#### [TASK DESCRIPTION]
Once you find the line with "Congrats! Your installation" in the entries below, print it and each line after it up to and including the line with "Caricature de gnome", exactly, without pictures.
------------------------------------
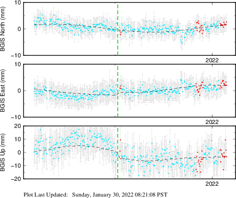 | Decimal date | N offset (mm) | N uncertainty (mm) | E offset (mm) | E uncertainty (mm) | U offset (mm) | U uncertainty (mm) | Type | Earthquake magnitude | Earthquake information | Distance from epicenter (km) | |
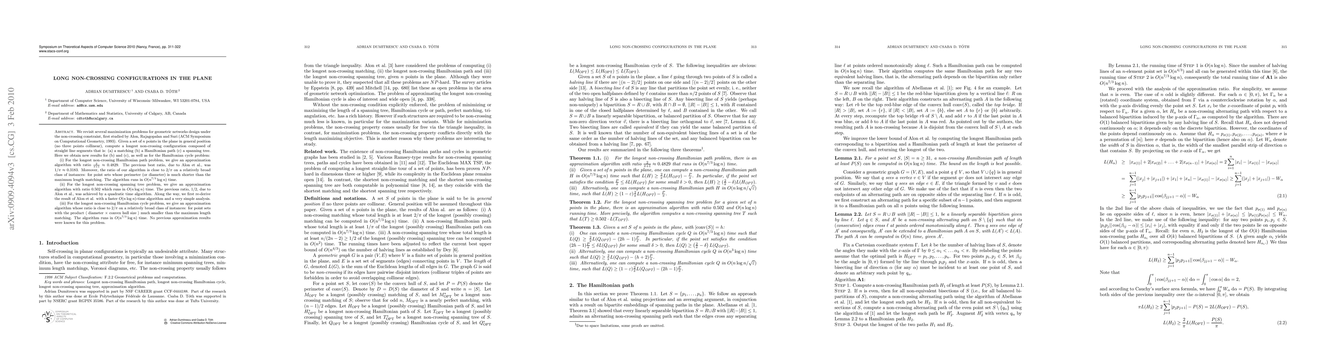 We revisit several maximization problems for geometric networks design under the non-crossing constraint, first studied by Alon, Rajagopalan and Suri (ACM Symposium on Computational Geometry, 1993). Given a set of $n$ points in the plane in general position (no three points collinear), compute a longest non-crossing configuration composed of straight line segments that is: (a) a matching (b) a Hamiltonian path (c) a spanning tree. Here we obtain new results for (b) and (c), as well as for the Hamiltonian cycle problem: (i) For the longest non-crossing Hamiltonian path problem, we give an approximation algorithm with ratio $\frac{2}{\pi+1} \approx 0.4829$. The previous best ratio, due to Alon et al., was $1/\pi \approx 0.3183$. Moreover, the ratio of our algorithm is close to $2/\pi$ on a relatively broad class of instances: for point sets whose perimeter (or diameter) is much shorter than the maximum length matching. The algorithm runs in $O(n^{7/3}\log{n})$ time. (ii) For the longest non-crossing spanning tree problem, we give an approximation algorithm with ratio 0.502 which runs in $O(n \log{n})$ time. The previous ratio, 1/2, due to Alon et al., was achieved by a quadratic time algorithm. Along the way, we first re-derive the result of Alon et al. with a faster $O(n \log{n})$-time algorithm and a very simple analysis. (iii) For the longest non-crossing Hamiltonian cycle problem, we give an approximation algorithm whose ratio is close to $2/\pi$ on a relatively broad class of instances: for point sets with the product $\bf{<}$diameter$\times$ convex hull size $\bf{>}$ much smaller than the maximum length matching. The algorithm runs in $O(n^{7/3}\log{n})$ time. No previous approximation results were known for this problem.
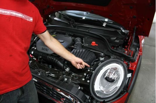 Congrats! Your installation is complete! Make one last check of the engine compartment to make sure all connections have been made and that there are no stray tools left behind. Close the hood, start up your MINI and send it.
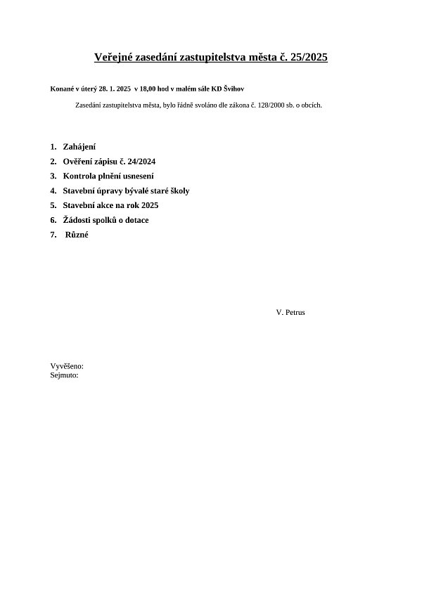 Pozvánka na zasedání zastupitelstva konané dne 28.01.2025
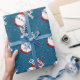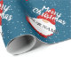 Caricature de gnome rouge mignon personnalisée sur le papier d'enveloppement de Noël. Enveloppe cadeau personnalisée imprimée avec votre texte et votre couleur. Disponible en finition mate et brillante. Drôle gnomies Roulettes de papier d'emballage de vacances pour enfants et adultes. Couleur arrière - plan bleu personnalisable avec des flocons de neige. Créez un cadeau de nature pour amis, famille, collègues, patron, employés et autres. Modèle de typographie de script de brosse élégant pour votre message. Troll avec casquette rouge et longue barbe.
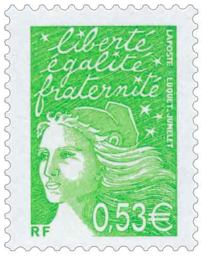 | Commentaire | Description synthétique du visuel du timbre : En janvier 2002, 15 nouvelles Marianne du 14 juillet seront émises en simple affichage euro. Le TVP, sans affichage de la valeur, est émis plus tôt (août 2001). La nouvelle série émise correspond aux : 8 pièces en euro : 0,01 € - 0,02 € - 0,05 € - 0,10 € - 0,20 € - 0,50 € - 1,00 € - 2,00 € 1er, 2e et 3e échelon de poids de la lettre zone 1, service prioritaire : TVP / 0,69 € (= 4,50 F) / 1,02 € (= 6,70 F) 1er, 2e et 3e échelon de poids de la lettre zone 1, service écopli : 0,41 € (= 2,70 F) / 0,53 € (= 3,50 F) / 0,64 € (= 4,20 F) 1er échelon de la zone 2 et 4, service prioritaire : 0,58 € (= 3,80 F) / 0,67 € (= 4,40 F). Les timbres imprimés en 2001 en feuilles monobloc portent dans la marge supérieure la mention : Timbres en euros mis en vente à partir du 1er janvier 2002 . |
------------------------------------
#### [WRITTEN SOLUTION]
 Congrats! Your installation is complete! Make one last check of the engine compartment to make sure all connections have been made and that there are no stray tools left behind. Close the hood, start up your MINI and send it.
 Pozvánka na zasedání zastupitelstva konané dne 28.01.2025
 Caricature de gnome rouge mignon personnalisée sur le papier d'enveloppement de Noël. Enveloppe cadeau personnalisée imprimée avec votre texte et votre couleur. Disponible en finition mate et brillante. Drôle gnomies Roulettes de papier d'emballage de vacances pour enfants et adultes. Couleur arrière - plan bleu personnalisable avec des flocons de neige. Créez un cadeau de nature pour amis, famille, collègues, patron, employés et autres. Modèle de typographie de script de brosse élégant pour votre message. Troll avec casquette rouge et longue barbe.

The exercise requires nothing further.